* [Dataset items]
++++++++++++++++++++

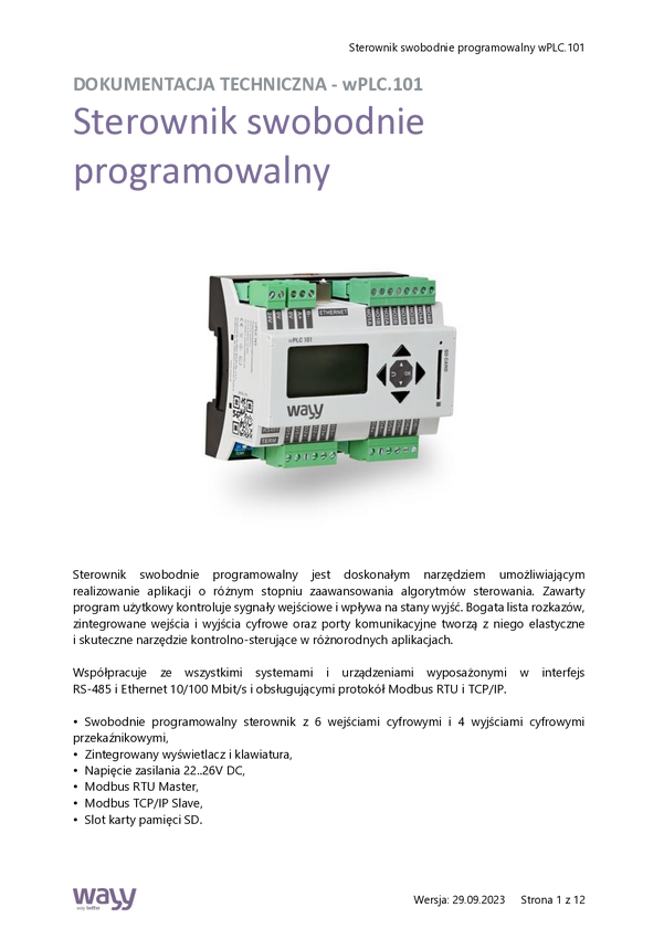 wPLC.101 Sterownik swobodnie programowalny wPLC.101 (6xDI, 4xDO). Sterownik PLC
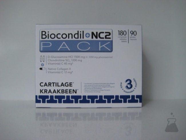 Bestanddelen per 2 biocondil filmtabletten : D-glucosaminehydrochloride 1500 mg (1250 mg glucosamine) en Chondroïtinesulfaat 1200 mg.
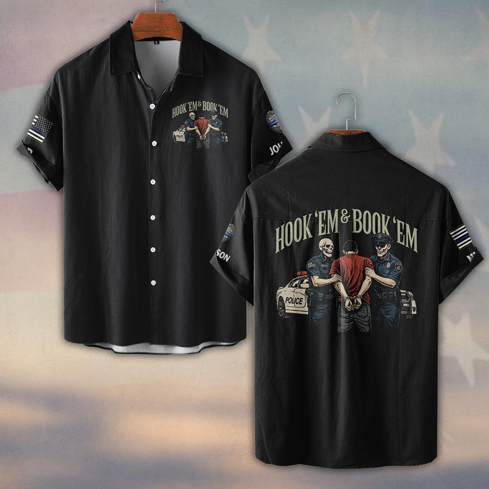 Custom Name & Department Hook ’Em & Book ’Em – Law Enforcement Edition #DQH0519 – Short Sleeve Button Shirt
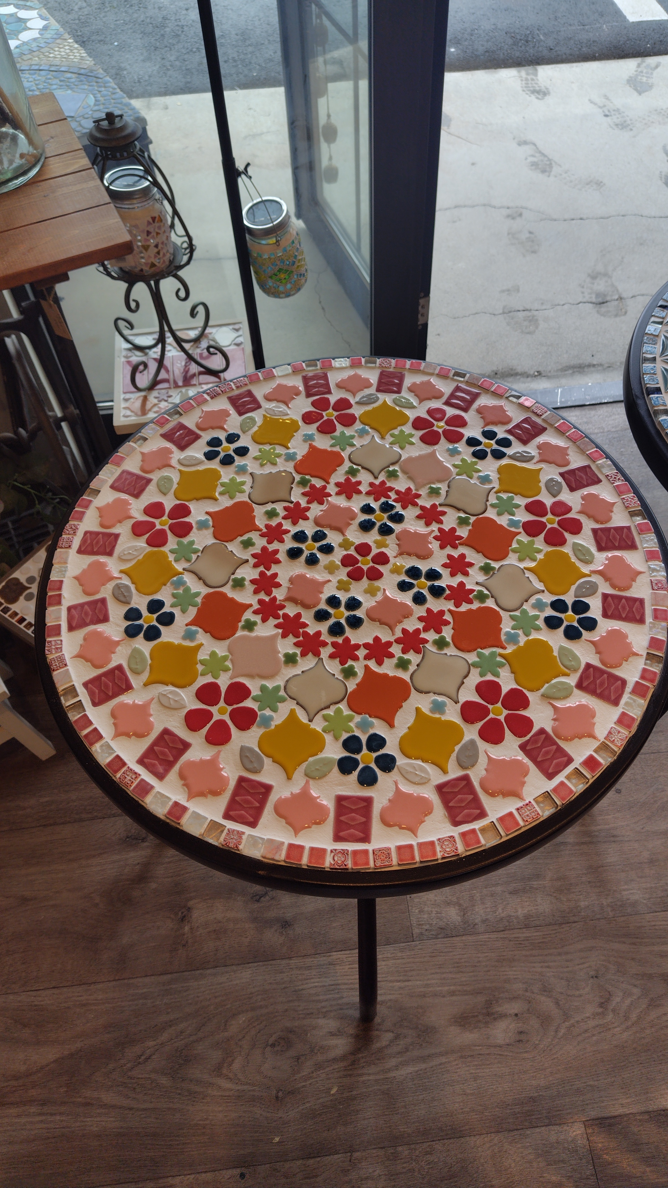 お花の形などいろんなタイルが使われてて華やかなテーブルで、使うのが楽しみですね☺️
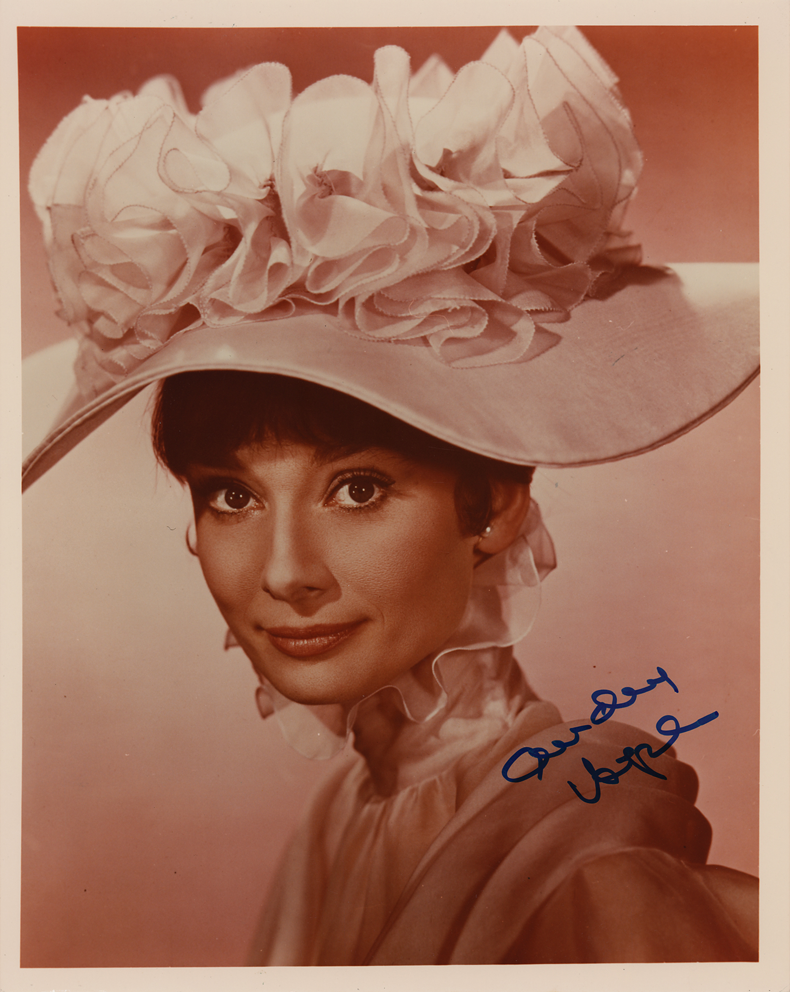 Lovely color glossy 8 x 10 close-up photo of Audrey Hepburn dressed as Eliza Doolittle for a My Fair Lady promo shoot, signed in blue felt tip. In fine condition. Originally obtained by in-person specialist Mike Wehrmann.
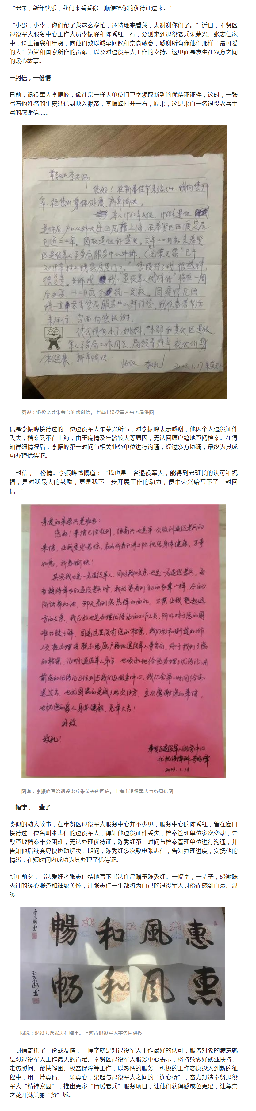一封信,一份情;一幅字,一辈子,发生在奉贤区退役军人服务中心的暖心故事
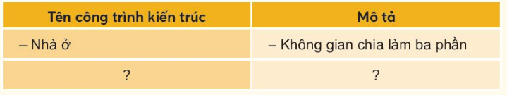 Lập và hoàn thành bảng mô tả về một số công trình kiến trúc ở Hội An (theo gợi ý dưới đây).

++++++++++++++++++++

* [Your task]
Each line from the one holding "お花の形などいろんなタイルが" to the end of the records above must be copied exactly; the pictures must not be copied.

* [Written reply]
 お花の形などいろんなタイルが使われてて華やかなテーブルで、使うのが楽しみですね☺️
 Lovely color glossy 8 x 10 close-up photo of Audrey Hepburn dressed as Eliza Doolittle for a My Fair Lady promo shoot, signed in blue felt tip. In fine condition. Originally obtained by in-person specialist Mike Wehrmann.
一封信,一份情;一幅字,一辈子,发生在奉贤区退役军人服务中心的暖心故事
 Lập và hoàn thành bảng mô tả về một số công trình kiến trúc ở Hội An (theo gợi ý dưới đây).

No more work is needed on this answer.